Let’s construct a linear trend with some “noise” as follows:
X <- seq(0,20,1); Y <- X/4 + sin(X); plot(X,Y)
Now I smooth the dataset with loess
and plot “95% confidence intervals” with qt
and the loess standard error:
X.pred <- seq(0, 20, length.out = 1000) # To have smooth lines
Fit <- predict(loess(Y ~ X, span = 0.75), newdata = X.pred, se = TRUE)
lines(X.pred, Fit$fit)
lines(X.pred, Fit$fit + qt(0.975, Fit$df) * Fit$se.fit, lty = 3)
lines(X.pred, Fit$fit - qt(0.975, Fit$df) * Fit$se.fit, lty = 3)
The result is very intuitive, as the subjacent trend is clearly shown and the “band” covers almost all points (as expected in a 95% confidence interval).
The problem arises when we have many points to be fitted. Let’s increase the number of points by a factor of 10:
X <- seq(0, 20, 0.1); Y <- X/4 + sin(X); plot(X, Y)
When I run the same script as above, the band is now very narrow and clearly does not cover 95% of the points. How can I obtain “intuitive” loess
95% bands, irrespective of the number of fitted points?
This is a misunderstanding of the behaviour of confidence bands; for any reasonable form of estimation, the confidence intervals will shrink to zero as the sample size increases (even if the residual variance stays the same). You seem to be looking for prediction intervals.
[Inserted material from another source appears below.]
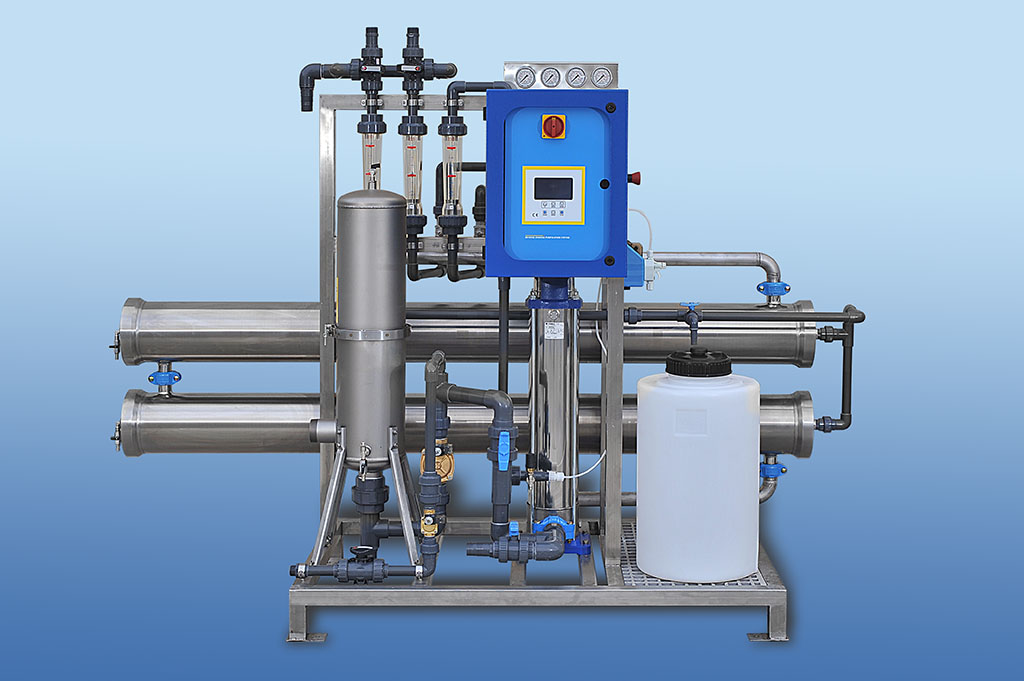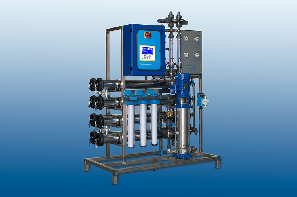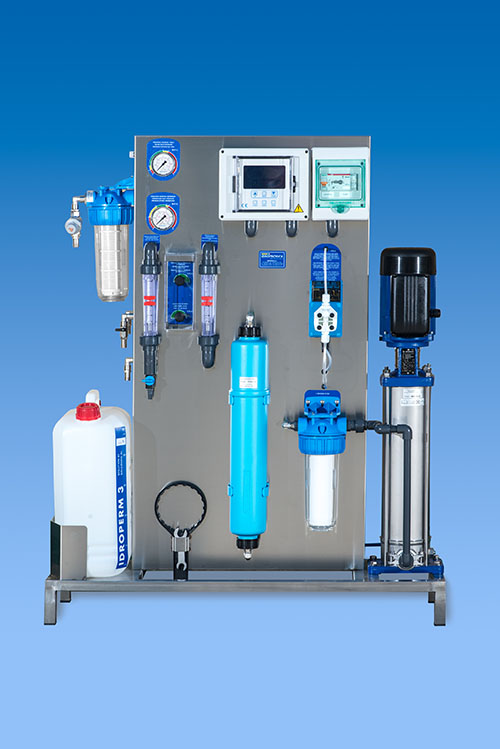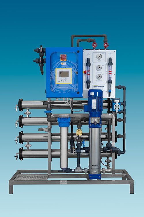 • série IDRO RO DPS avec le processus de l'osmose inverse à double étage (bi-osmose) pour la production d'eau à très faible conductivité pour des applications spéciales.

You can get these, approximately, by adding the residual variance (e.g. resid.sd <- loess(Y ~ X, span = 0.75)$s; resid.var <- resid.sd^2
) to the squared standard error of the fit, and using the square root of the sum as the standard deviation in qnorm()
. (It's not easy to combine a t-distributed distribution of parameter error and a Gaussian distribution of residual error ...)